You may remember seeing or having a Jack in the Box toy when you were a child. It looked much like a box and would have a crank on its side that you could turn. It would play a little song, and suddenly the top would fly open and the head of a clown (or something else) would spring out from the top, giving you quite the surprise. There is a phenomenon in processes that takes its name from this childhood toy and the jolt it can give.
Jack in the Box
When you are working with a process, there are certain things that you expect. Sometimes, though, there is an occurrence so out-of-the-ordinary, that it may disrupt the stability of your process. A Jack in the Box can call into question a process’s reliability and strength.
Overview: What is a Jack in the Box?
Jack in the Box can be defined as a variable that appears randomly in response to factors that are not readily apparent.
3 drawbacks and 1 benefit of a Jack in the Box
There are some clear disadvantages to a Jack in the Box, but there is also a benefit to them.
1. Effect on process capability – One drawback of a Jack in the Box is that it can have enough significance to have an effect on process capability.
2. Reliability – A Jack in the Box can cause considerable apprehension as to how reliable a process is.
3. Sourcing the issue can be difficult – Finding the source of the Jack in the Box can be difficult and time-consuming.
A benefit of a Jack in the Box
One benefit of a Jack in the Box is that its occurrence forces us to look at our processes and test them to make sure they are as strong as they can be.
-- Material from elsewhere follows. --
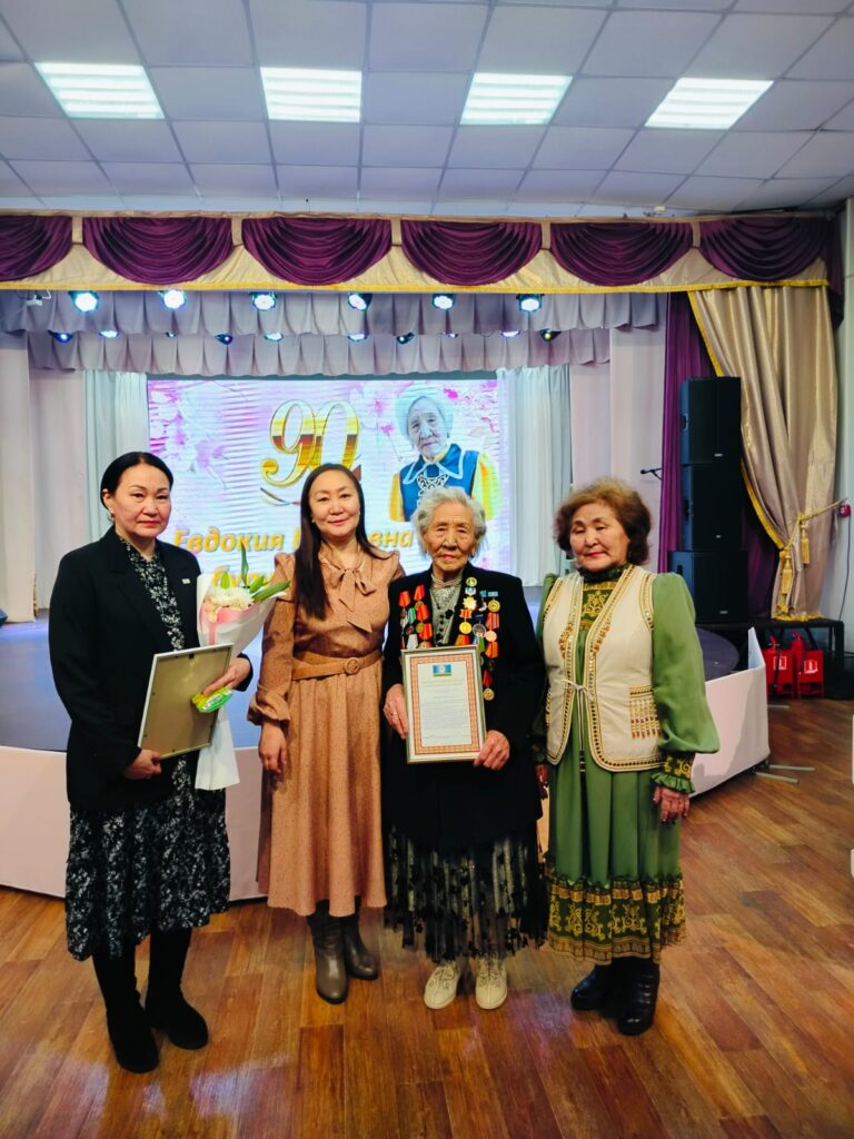 Нэһилиэкпит баһылыгын солбуйааччыта Айталина Алларитовна Кириллина «Нэһилиэк киэн туттуута» анал бэлиэни туттарда. Улуустааҕы бэтэрээннэр сэбиэттэрин бэрэссэдээтэлэ Мария Романовна Захарова эҕэрдэлээн туран, Евдокия Егоровна олоҕун аргыһын Николай Егорович Захаровы кытта 47 сыл эйэ-дэмнээхтик олорон ааспыттарын, нэһилиэк общественнай олоҕор көхтөөхтүк кытталларын, кинилэр дьоллоохтук олорон оҕолорун, сиэттэрин үлэҕэ сыһыаран, олох сыаннастарын иҥэрэн, сирдээҕи улахан аналларын чиэстээхтик толорбуттарын туһунан бэлиэтээн эттэ. Улуустааҕы социальнай харалта управлениетын начальнига Любовь Ивановна Дорофеева ытык киһибит 100 сааһыгар диэри тиийэригэр баҕа санаатын тиэртэ.

It gives us a reason to check when we might not have otherwise.
Why is a Jack in the Box important to understand?
A Jack in the Box is important to understand for the following reasons:
Things happen – It is important to understand that things happen, and a Jack in the Box is not the end of the world. It does not even necessarily mean that there is anything inherently wrong with your process, it just requires some investigation.
Prevent future occurrences – A Jack in the Box can feel random, so in some ways, it is hard to prevent the specific onset factors that led to it. Once it happens, though, you can take precautions to prevent the recurrence of that particular scenario in the future. Understanding what caused the Jack in the Box is integral for preventing them.
Time – Having an understanding of a Jack in the Box prepares you for when it occurs and that there could be a significant amount of time that needs to be dedicated to finding out where the problem occurred.
An industry example of a Jack in the Box
An analyst is looking at the output of a manufacturing plant and sees that on one day, there is a major change in output that cannot be accounted for. The analyst tells the plant manager about the Jack in the Box and an investigation is launched. It turns out, that was a day there was an attempted strike at the plant that slowed down output significantly for the day but did not come to further fruition.
3 best practices when thinking about a Jack in the Box
Here are some practices to keep in mind when it comes to a Jack in the Box:
1. Check for errors
The Jack in the Box you encounter could be due to an error, whether with measurement or with data entry. Should this be the case, the true process is not represented, and adjustments should be made accordingly.
2. Be sure to deal with them immediately, if values turn out to be accurate
If it turns out that the Jack in the Box is a legitimate value, be sure to find out the cause immediately, in order to prevent future such occurrences and to maintain stability with your process.
3. Do not be concerned that this random occurrence is reflective of future defect rates
Frequently Asked Questions (FAQ) about a Jack in the Box
Can a Jack in the Box be prepared for?
In general, the more thoroughly tested your processes are and the more potential occurrences you have prepared for, the less likelihood there is of encountering a Jack in the Box.
Will a Jack in the Box always affect process capability?
No, while a Jack in the Box has the potential to significantly affect process capability, that does not mean that one always will when it pops up.
Does a Jack in the Box always indicate process instability?
No, there may not be anything inherently wrong with a process, and a Jack in the Box may completely be an anomaly.
Preparing for a Jack in the Box
Thorough testing of processes can be a safeguard against a Jack in the Box. While we cannot prepare for everything, doing all that we can to ensure the strength of processes can help protect against errors. Even with all the preparation, there are simply some things that cannot be planned for. While a Jack in the Box occurrence can feel random, once it happens, there are steps that can be taken to prevent the same Jack in the Box from happening again.